In 2013-14, Murarai II CD block produced 3,433 tonnes of Aman paddy, the main winter crop, from 1,277 hectares, 12,525 tonnes of Boro paddy (spring crop) from 3,650 hectares, 11,109 tonnes of wheat from 3,300 hectares, 16,246 tonnes of jute from 831 hectares, 27,354 tonnes of potatoes from 949 hectares and 826 tonnes of sugar cane from 11 hectares. It also produced pulses and oilseeds.
In 2013-14, the total area irrigated in Murarai II CD block was 6,450 hectares, out of which 1,500 hectares were irrigated by canal water, 1,900 hectares by tank water, 500 hectares by river lift irrigation, 2,475 hectares by deep tube wells and 75 hectares by open dug wells.
According to the District Human Development Report, 2009, Birbhum is one of the most backward districts of West Bengal in terms of industrial development. Of the new industrial projects set-up in West Bengal between 1991 and 2005, only 1.23% came to Birbhum. Bakreshwar Thermal Power Station is the only large-scale industry in the district and employs about 5,000 people. There are 4 medium-scale industries and 4,748 registered small-scale industries.
The proportion of workers engaged in agriculture in Birbhum has been decreasing. According to the District Human Development Report, “more people are now engaged in non-agricultural activities, such as fishing, retail sales, vegetable vending, selling milk, and so on. As all these activities are at the lower end of the spectrum of marketable skills, it remains doubtful if these activities generate enough return for their family’s sustenance.”
Birbhum district is listed as a backward region and receives financial support from the Backward Regions Grant Fund. The fund, created by the Government of India, is designed to redress regional imbalances in development. As of 2012, 272 districts across the country were listed under this scheme. The list includes 11 districts of West Bengal.
Murarai II CD block has 3 ferry services and 13 originating/ terminating bus routes. The nearest railway station is 8 km from block headquarters.

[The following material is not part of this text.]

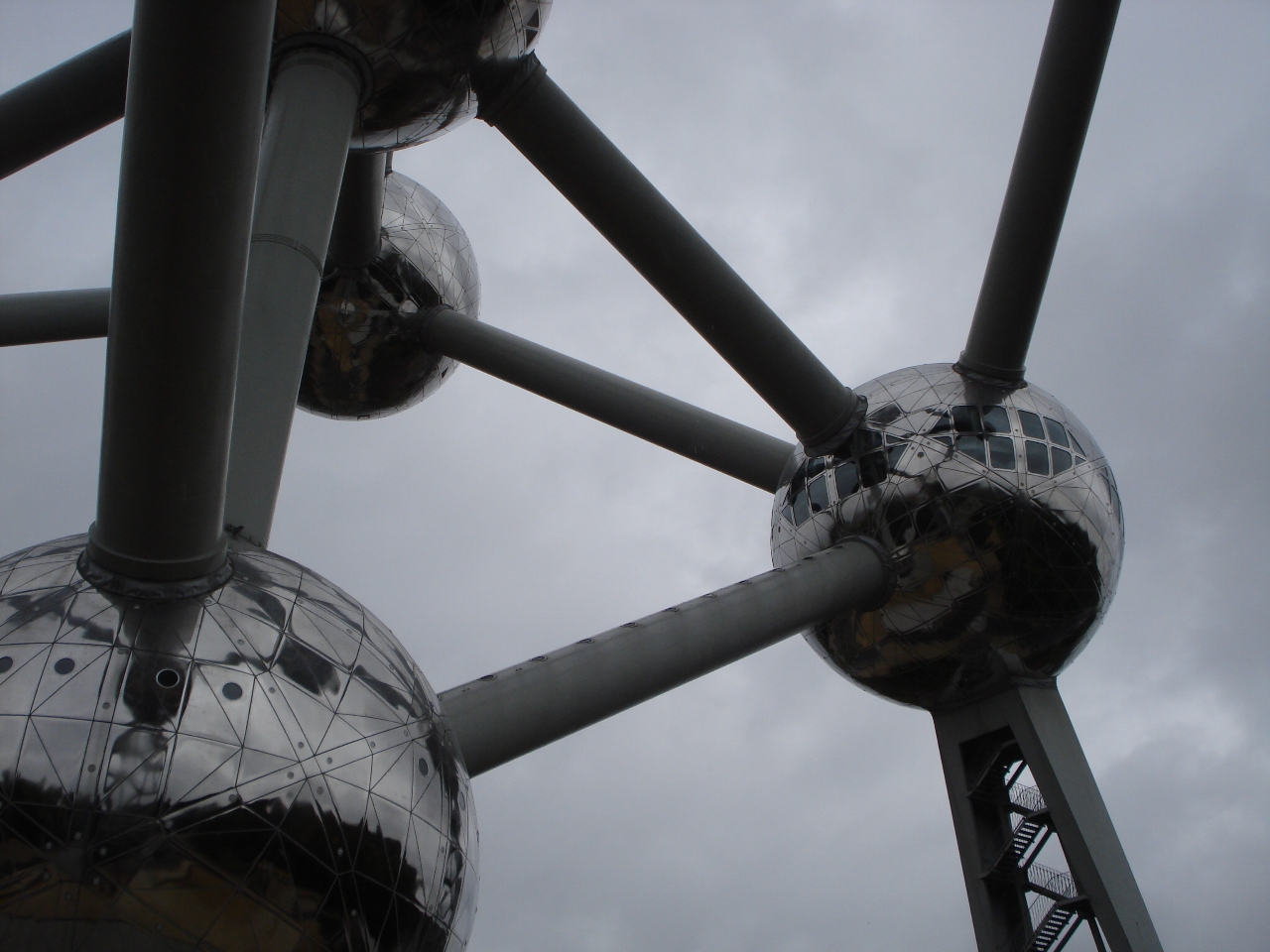 El Atomium es una impresionante construcción de más de 100 m de altura formada por nueve esferas de 18 m de diámetro que representan un átomo de hierro ampliado unas 165 mil millones de veces. Hay que ver lo pequeño que debe ser... Fue construido en las cercanías de Bruselas con motivo de la Expo de 1958.

In 2013-14, Murarai II CD block had 87 primary schools with 16,271 students, 27 middle schools with 1,093 students, 8 high schools with 10,012 students and 8 higher secondary schools with 8,595 students. Murarai II CD Block had 1 technical/ professional institution with 62 students and 305 institutions for special and non-formal education with 18,259 students
As per the 2011 census, in Murarai II CD Block, amongst the 66 inhabited villages, all villages had a school, 34 villages had more than 1 primary school, 28 villages had at least 1 primary and 1 middle school and 15 villages had at least 1 middle and 1 secondary school. 9 villages had senior secondary schools. There was a degree college of art science and commerce in Murarai II CD Block.
In 2014, Murarai II CD Block had 1 rural hospital and 4 primary health centres with total 52 beds and 8 doctors (excluding private bodies). It had 29 family welfare subcentres. 9,771 patients were treated indoor and 111,875 patients were treated outdoor in the hospitals, health centres and subcentres of the CD block.
As per 2011 census, in Murarai II CD Block, 6 villages had primary health centres, 24 villages had primary health subcentres, 4 villages had maternity and child welfare centres, 1 village had a veterinary hospital, 7 villages had medicine shops and out of the 66 inhabited villages 32 villages had no medical facilities.